“Fueron únicas. Ahora ya no existen, ahora son antros”, sentencia el maestro Alfredo Zermeño, artista visual que ha retratado la historia de Aguascalientes a través de sus pinturas. Para los parroquianos, las cantinas tradicionales eran “como su segunda casa, un espacio de privacidad en el que no podían entrar mujeres ni uniformados”, apunta el dibujante.
“Las cantinas tradicionales como tal perdieron su sabor cuando empezaron a convertirse en ladies bar. Su distintivo era que se trataba de un refugio para varones; con un diseño muy clásico: su barra, sus sillas, el tubo para recargar los pies, el canal donde corría el agua. Desde la mejor montada hasta la más humilde tenían el sabor clásico a cantina», dice Salvador Ángel de la Rosa Pinedo, coautor, junto con la licenciada Bertha María Topete Ceballos, del libro De Copas y Bohemia. Cantinas de Aguascalientes.
Las cantinas en Aguascalientes empezaron a aparecer en la segunda mitad del siglo XIX y su apogeo se sitúa en los inicios del siglo pasado. En aquellos años, en el centro histórico de la ciudad se asentó una gran cantidad de estos establecimientos. Por ejemplo, en la calle 5 de mayo se localizaban algunas de las más icónicas: el Lobby Bar, El Imperial, Montoro, Cabo Cuarto, entre otras.
De la Rosa Pinedo, asiduo invitado al programa radiofónico «El viejo Aguascalientes», a cargo del Dr. Eduardo Cansino, recuerda la siguiente anécdota: un hombre se puso en contacto con ellos y les preguntó la razón por la que la calle 5 de mayo era conocida como “La Ruta de la Muerte”. Pinedo reconoce que fue la única vez que escuchó tal cosa, pero asociando el número de cantinas que se encontraban en esa calle, concluyó que la explicación podría ser la siguiente: “Bastaba con que alguna persona se metiera a todas las cantinas a tomarse una sola copa, y muy probablemente no llegaba al Mercado Terán».
Para De la Rosa Pinedo, había varios elementos característicos de estos sitios. Por ejemplo, la concurrencia de personajes importantes de aquel Aguascalientes provinciano. Otro, la diversidad de grupos musicales que se daban cita en ellas. Uno más, y por lo que algunas cantinas lograban diferenciarse de otras, era la botana que ofrecían a sus parroquianos.
Pero otro componente definitorio era su olor a amoniaco. «No había cantina, por más pura que fuera, que no oliera a orines, por más naftalina y desodorante que le echaran», cuenta don Salvador.

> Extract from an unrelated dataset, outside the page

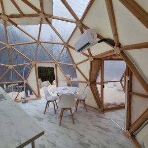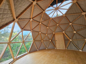 Choisissez le plancher adapté à votre dôme géodésique : panneaux en épicéa, OSB ou plancher avec isolant adapté à la préparation du sol.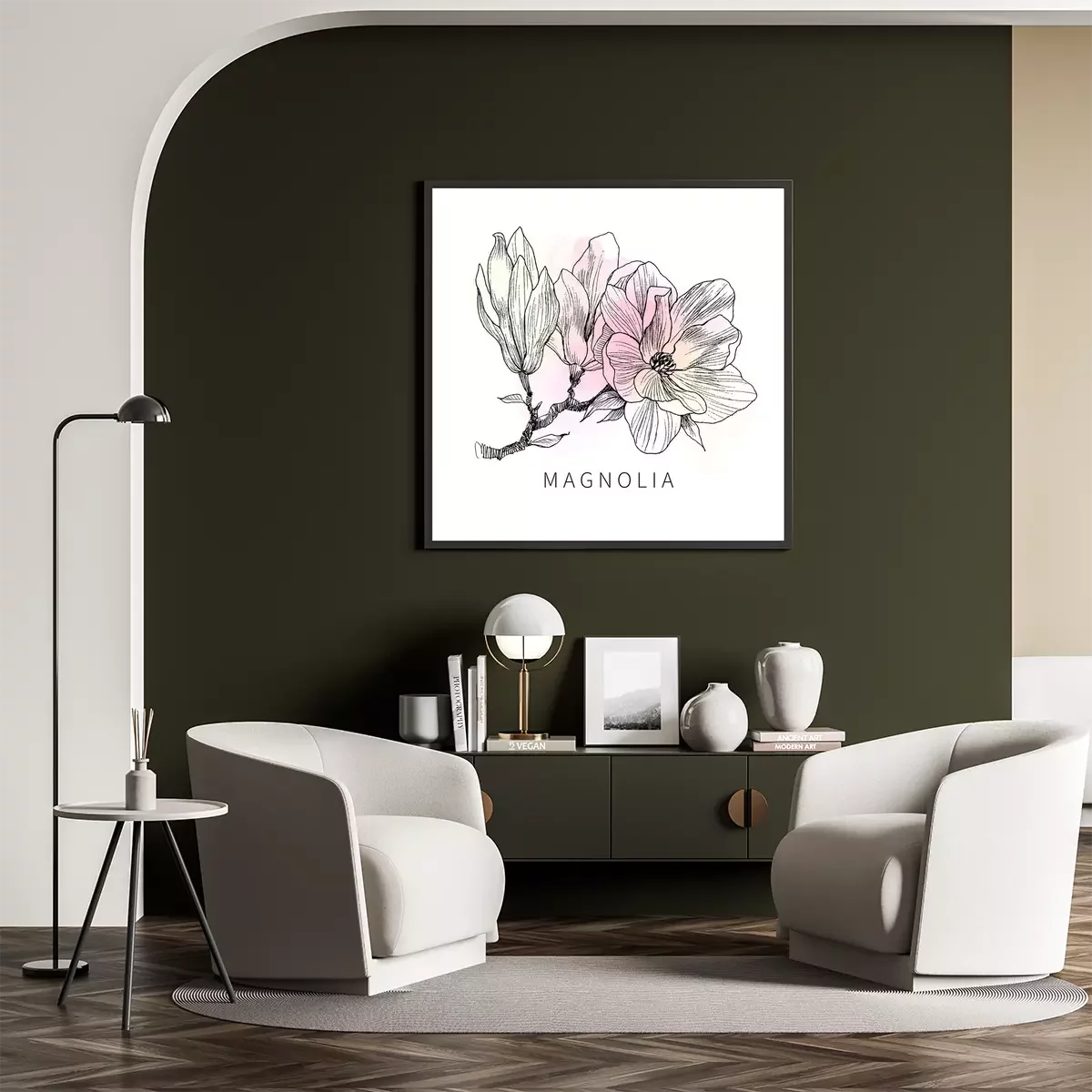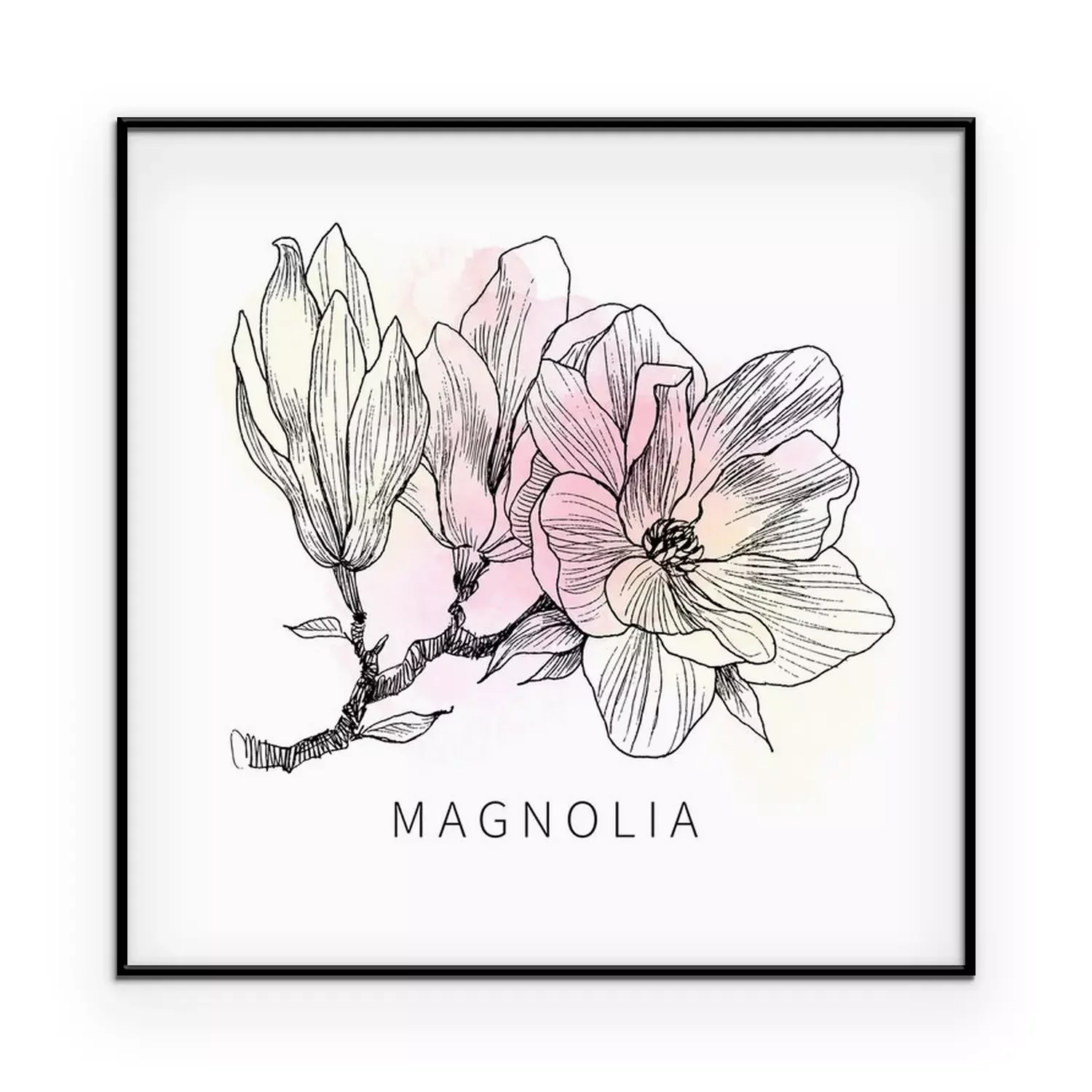 Poster: Een magnoliatak gevuld met pastelkleuren

De aquellos lugares de esparcimiento, en los cuales se podía ver a abogados, maestros, intelectuales y obreros reunidos en un mismo espacio, departiendo junto al cantinero sobre diversos temas y jugando a las cartas o dominó, ya no queda prácticamente nada, afirma Zermeño.
«En las cantinas no había clases sociales, eran totalmente democráticas. Un gran hombre de la radio, Humberto G. Tamayo, solía decir: ‘Sé como trigo limpio, activo como codo de violinista y democrático como toalla de cantina’. Lo mismo acudía el poeta, el escritor, el músico, el dramaturgo o el político”, refiere De la Rosa Pinedo.

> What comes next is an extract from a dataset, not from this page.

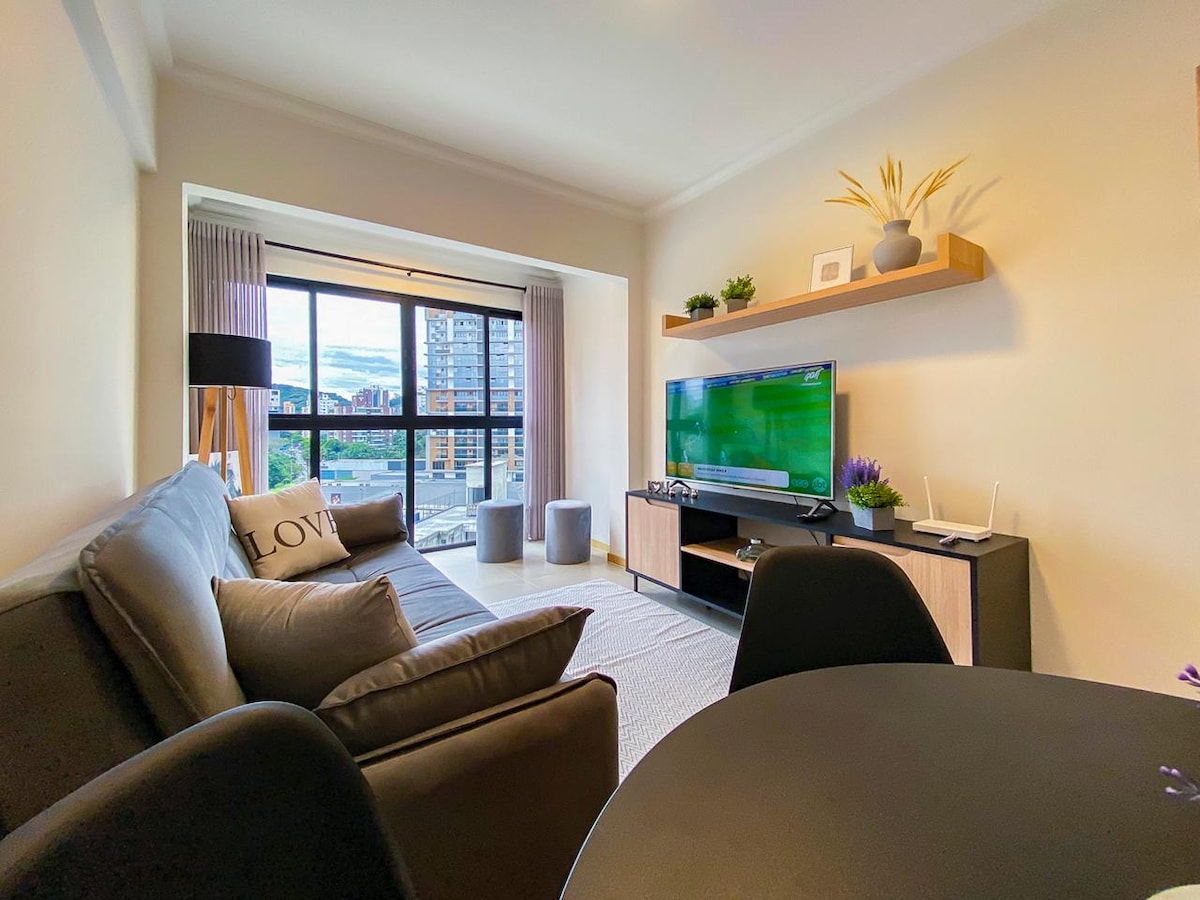 漂亮的單間公寓,有車庫,位於Blumenau市中心,靠近一切! 大樓有健身房和令人難以置信的屋頂泳池。 公寓完整且非常時尚。 雙人牀、牀單、被套、枕頭、枕頭、浴巾、浴巾、空調。 完整廚房,配有冰箱、微波和餐具,可供2人使用。 洗衣房配有洗衣機+烘乾機、熨鬥和熨衣。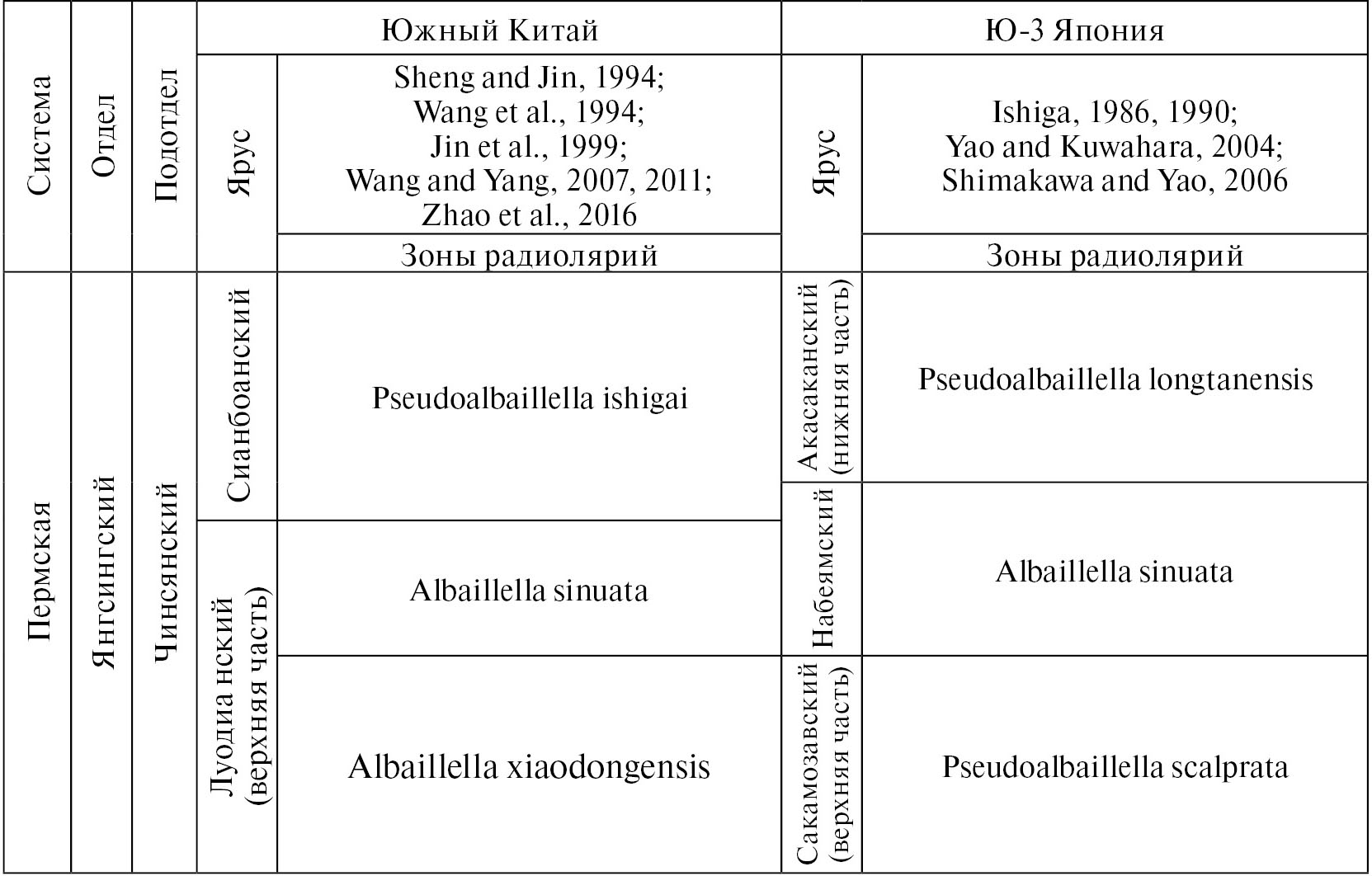 В Юго-Западной Японии в этом интервале также установлены три зоны радиолярий (снизу вверх) (рис. 11): Pseudoalbaillella scalprata, Albaillella sinuata и Pseudoalbaillella longtanensis (Ishiga, 1986, 1990; Yao, Kuwahara, 2004; Shimakawa, Yao, 2006).

Esa particularidad las hacía algo hermoso, continúa. Existieron algunas que eran identificables porque ahí concurría, por ejemplo, la mayor parte de los abogados que trabajan en los juzgados cuando estaban en Palacio de Gobierno. “Incluso llegaron a apodarle el Museo de Cera, porque siempre eran los mismos y había mucha gente vieja», comenta entre risas don Salvador.
¿Qué se pierde alguien que no vivió nunca la experiencia de acudir a una cantina de las de antaño? De la Rosa Pinedo responde: «Es una opinión personal, pero se deja de saborear el romanticismo de un México que ya no existe. Al calor de tres o cuatro copas, o sin copas, surgían las ganas de llevarle serenata a la mujer: a la novia, a la esposa, a la madre, a la amiga. Un romanticismo que ya no se manifiesta como en aquella época. No digo que en la actualidad ya no haya un romanticismo, lo hay en su estilo; pero la gente que no lo vivió en aquel tiempo difícilmente tendrá idea de cómo era”.